The index—which is also called the staging area, and sometimes the cache—is simply where you build the next commit. Using git add <path> copies the given <path> from the work-tree into the index, replacing the version of the file that was there before. When you eventually run git commit, Git turns whatever is in the index—which includes any subdirectories and their files, as well as all the top-level files—into a new commit.¹

Commits are the main reason Git exists at all. Each commit stores one tree. That tree is a snapshot of what you had in your index when you made the commit. Each commit also stores some metadata. I won't define this term fully here, but instead just use the example of the actual metadata for each commit. These are:

The tree itself. (The snapshot is a separate entity from the commit. We don't really need to care about that here, but it can matter later, and we might as well describe in properly.)
A list of parent commit IDs, usually just one ID. This is the commit that was in place just before you made the new commit.
An author: a name, an email address, and a time-stamp. This is the person who wrote the new code, or new text, or whatever it is that is "new" about this commit, as compared to the commit that was in place just before now.
A committer: the same idea as an author, just a second person in case the person who wrote the new commit is not the person who ran git commit. This happens with emailed patches, for instance.
A log message. This is free-form text, meant for whoever makes the commit to provide a good description of why they made this commit.

Because each commit stores the ID of the commit that came right before it, a series or chain of commits lets us view the history of the development:

A <- B <- C   <-- master

Here commit C is the latest on master. (Its actual ID is some big ugly SHA-1 hash, badf00daddc0ffee... or whatever.) Commit C has the hash ID of commit B, which lets Git find commit B, and B has the ID of A. The name master is how Git finds commit C.

There is always a HEAD commit.² This is your current commit. Normally, this is also the tip of some branch: for instance, normally you might be on branch master, as git status would say, and then HEAD would resolve to commit C. But you can have HEAD point to some other commit, and in this case, HEAD is just "the current commit".

Making a new commit turns the index into a snapshot (tree) and makes the new commit using that tree. The parent of the new commit is the old HEAD, and then Git updates HEAD so that it points to the new commit. If you're on a branch, Git does this updating by making the branch name point to the new commit:

A <- B <- C <- D   <-- master (HEAD)

If you're not on a branch, then HEAD actually contains a raw commit ID. In this case, git commit writes the new commit ID directly into HEAD. (This is what happens during your conflicted git rebase, which is why I mention it.) But in any case, see how commit D here points back to commit C: the new snapshot always refers back to the previous one.

Again, the HEAD commit is always the current commit. We'll need this in a moment, when we get into the rebase action.

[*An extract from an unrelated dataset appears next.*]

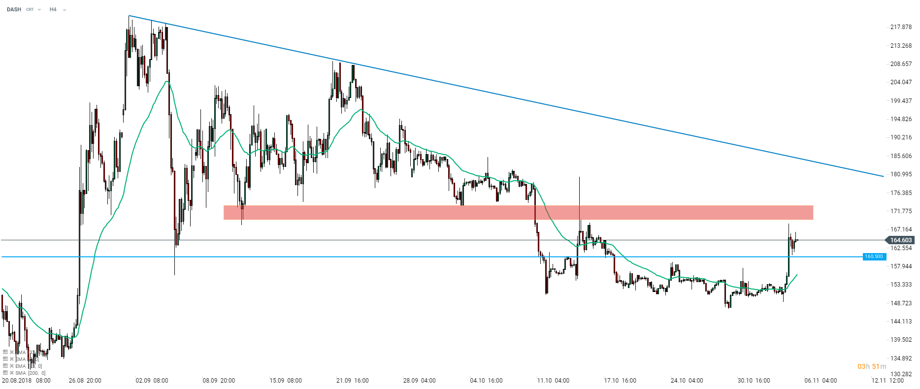 El DASH se desmarca del resto de criptomonedas en la sesión de hoy al revertir prácticamente todas sus caídas de la sesión anterior. En suma, es uno de los mejores activos del mercado en la sesión actual y podría poner a prueba la zona de resistencia por encima de los 170 USD próximamente.

¹This isn't quite precise. The index is what you get if you recursively flatten a tree. This makes it easy(ish) to turn the index into a tree—so this is what Git does here: it turns the index into a tree, using git write-tree. This gets Git one of those big ugly SHA-1 hash IDs. Git then uses this hash ID for the new commit. By copying the index to a tree, then putting the tree ID in a commit, Git winds up saving the index's contents as the new commit's snapshot.

²There is one exception to this rule. This exception is required by the fact that an initial, empty repository has no commits. Clearly, if there are no commits, it's impossible to resolve HEAD to a commit hash ID. For our purposes, though, we don't need to care about this special case of an "orphan" or "unborn" branch.

`git diff`, and two vs three trees

While git diff has a lot of options and usage patterns, the simplest and most straightforward is to compare two trees. One tree is labeled a and the other is b. The diff itself consists of a set of instructions, which mostly amount to things like: "To change a/README.txt to b/README.txt, remove the 12th line that's there now, and insert this other line for line 12. Here is some context around line 12 as well." This means that the file in question is named README.txt and is at the top level of the tree—if it were in some sub-tree, the output would say a/subdir/README.txt and b/subdir/README.txt, for instance.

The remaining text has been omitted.